> [DATASET CONTENT]
· · · · · · ·
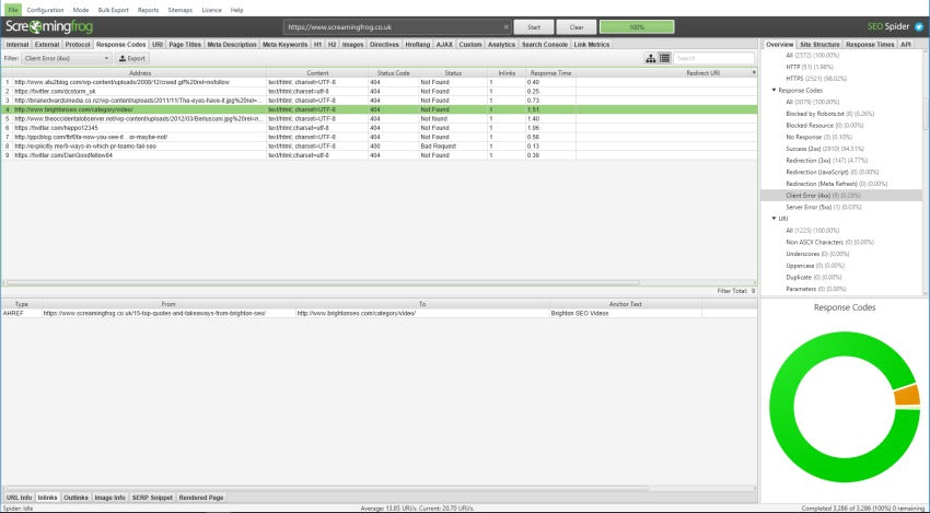 Иногда ссылки ломаются, или вы случайно дублируете страницы, и все это не идеально в книгах Google (или ваших посетителей). К счастью, вы можете провести бесплатный аудит сайта с помощью Screaming Frog (до 500 URL в бесплатной версии).
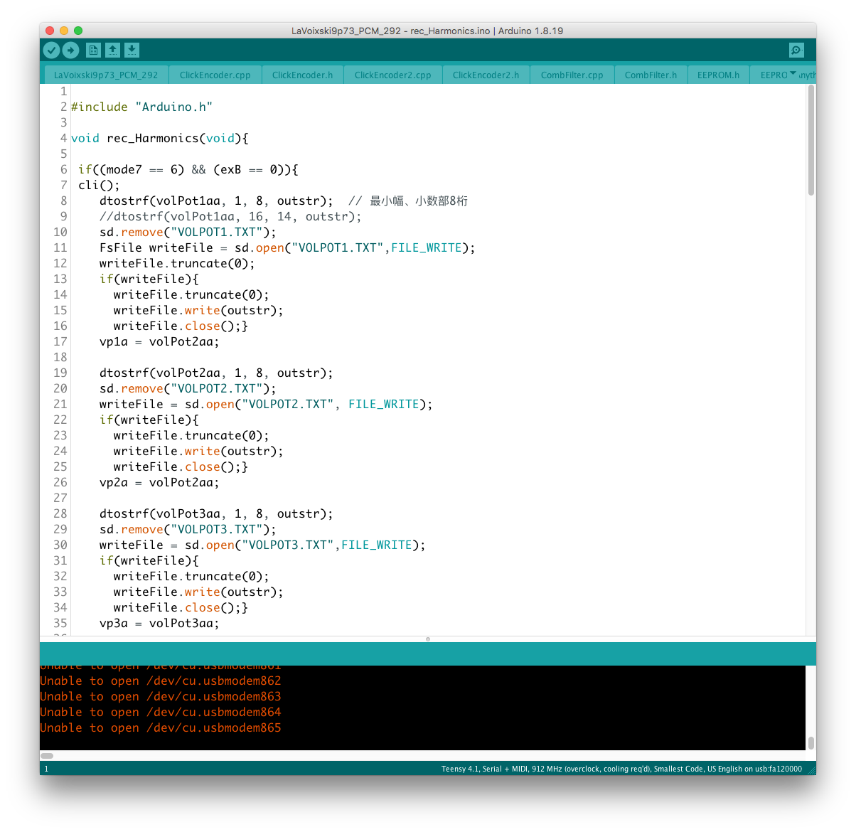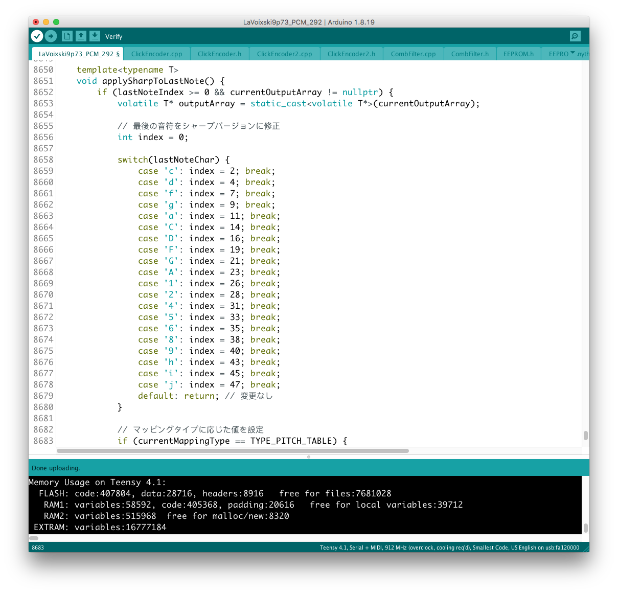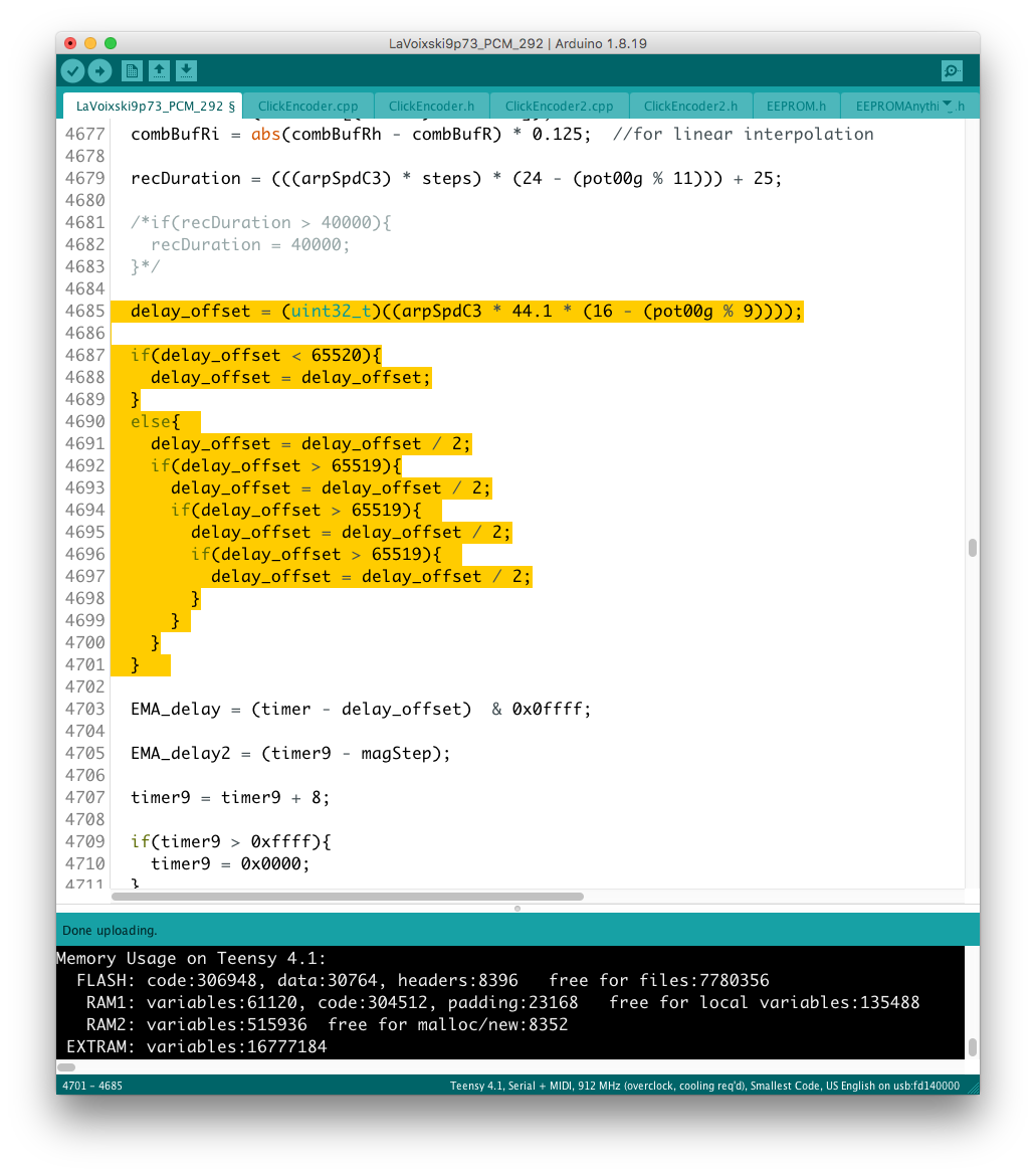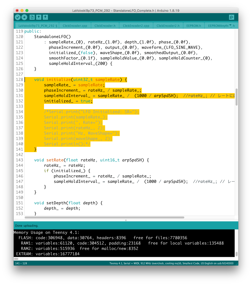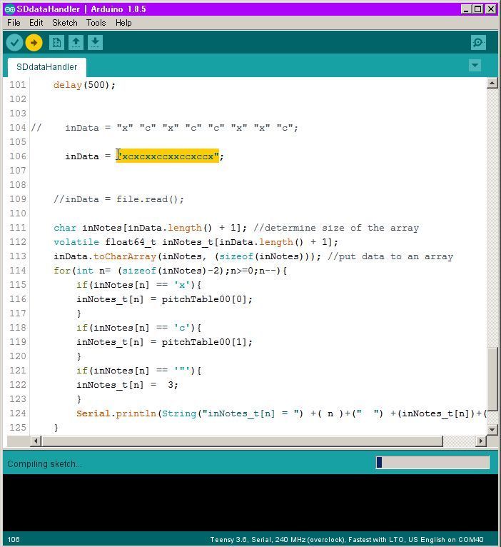 あと、コード#35 の不調の原因として voiceMap( ) 上に add_val+d と記述された謎のタイプミスを発見、こちらもすぐに解決することができた。 不運にも、+ された "d" が変数として認識されてしまったが故の珍事だった。
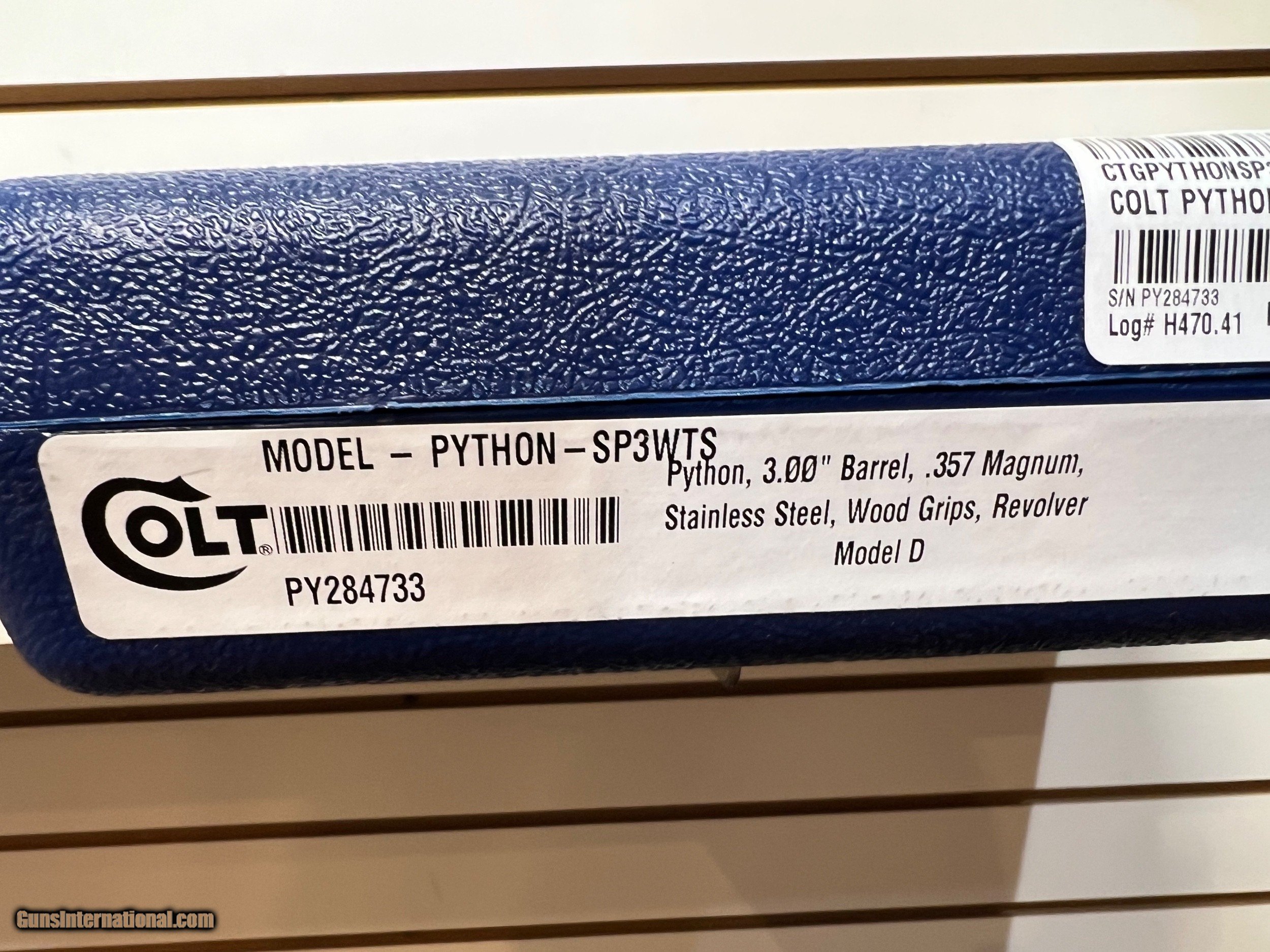 New Colt Python 3" Stainless 357 Magnum Wood Grips Model D
· · · · · · ·
> [EXERCISE DIRECTIONS] Write the lines above out again exactly, without any of their pictures.

> [SOLUTION TO THIS EXERCISE]
 Иногда ссылки ломаются, или вы случайно дублируете страницы, и все это не идеально в книгах Google (или ваших посетителей). К счастью, вы можете провести бесплатный аудит сайта с помощью Screaming Frog (до 500 URL в бесплатной версии).
 あと、コード#35 の不調の原因として voiceMap( ) 上に add_val+d と記述された謎のタイプミスを発見、こちらもすぐに解決することができた。 不運にも、+ された "d" が変数として認識されてしまったが故の珍事だった。
 New Colt Python 3" Stainless 357 Magnum Wood Grips Model D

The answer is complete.